Em 1975 as
Minas da Panasqueira pareciam ser no fim do mundo. Tinha de ir de autocarro da
Beirã até Portalegre. Ali mudava para outro que ia até Nisa. Em Nisa mudava
para outro que ia para Castelo Branco. Em Castelo Branco apanhava o comboio até
ao Fundão. No Fundão tinha de esperar pelo autocarro que ia para São Jorge da
Beira e fazia todas aquelas aldeias, passando na Barroca Grande onde estava
sedeada a empresa mineira inglesa Beralt Tin & Wolfram que suponho ainda
hoje detém aquela exploração mineira, embora mais reduzida.
Dez horas de viagem! Uma pessoa chegava lá mais moída que carne picada, mas valeu a pena. E como valeu! Foi o lugar onde mais gostei de estar em toda a minha vida porque as pessoas eram simplesmente fabulosas. O primo João Gaspar, a esposa Maria José e os seus dois rapazes, o António e o Zé Manel. O primo Antero, a esposa e as filhas. O José Mouro e toda a sua família. E muitos outros, tudo gente de bem e profundamente solidária que me receberam e acarinharam como se de mais um filho seu se tratasse.
Há coisas que nunca mais se esquecem na vida e favores que jamais conseguiremos retribuir, por mais anos que vivamos.
O trabalho era duro e arriscado. Mas esse pormenor era irrelevante perante o cenário que me trazia tudo quanto eu mais necessitava naquela altura. Estabilidade. Trabalho certo e bem remunerado, um vencimento mensal três vezes superior àquele que se praticava no concelho de Marvão, além da verdadeira amizade, camaradagem, solidariedade de toda aquela boa gente. Vivia plenamente feliz cada dia. Os mineiros eram uma enorme e imensa família e eu sentia-me como se lá tivesse vivido sempre.

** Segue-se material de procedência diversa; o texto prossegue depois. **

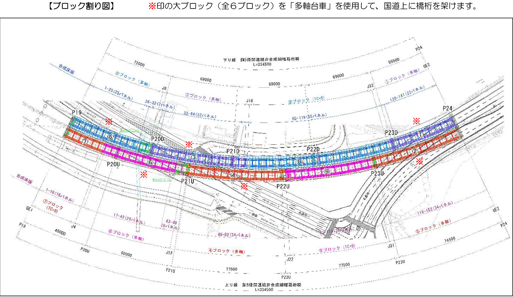 大ブロックの自走多軸台車を6か所で架設した後は、残る4か所をトラッククレーン+ベント工法で順次架設していく。

Naquele tempo éramos mais de dois mil os trabalhadores da Beralt Tin & Wolfram, entre os mineiros que trabalhávamos no interior da terra, os operários da lavaria – mecanismo de lavagem dos minérios à boca da mina – os camionistas e maquinistas exteriores, os escriturários dos escritórios, os funcionários do hospital particular da empresa, do clube de recreio, das cozinhas e refeitórios e de toda a panóplia no apoio logístico que era um autêntico luxo, tendo em conta a precaridade de condições existentes noutra qualquer empresa nacional desse tempo. Os ingleses não brincavam em serviço e cuidavam primorosamente do bem-estar de todos os seus funcionários, desde o administrador da empresa até às senhoras das limpezas.
A mina e a lavaria laboravam 24 sobre 24 horas em 3 turnos rotativos de 8 horas. E todos fazíamos os 3 turnos à semana. Um, das zero às oito da manhã, outro das oito às dezasseis e outro das dezasseis às zero. Nas encostas envolventes da Barroca Grande tinham sido construídos um moderno hospital, uma igreja, uma escola, um clube recreativo com campo de futebol e ringue de patinagem, além de vários e excelentes bairros habitacionais onde residiam mais de quinhentas famílias dos mineiros. No vale adjacente foram implantados um refeitório self-service e quatro imensos dormitórios, cada um com vinte quartos, cada quarto com capacidade para quatro mineiros, tudo devidamente equipado com aquecimento central e instalações sanitárias individuais com duche de água quente para acomodar os mineiros que como eu lá não tinham a família, mas usufruíam na mesma maneira de todas as comodidades.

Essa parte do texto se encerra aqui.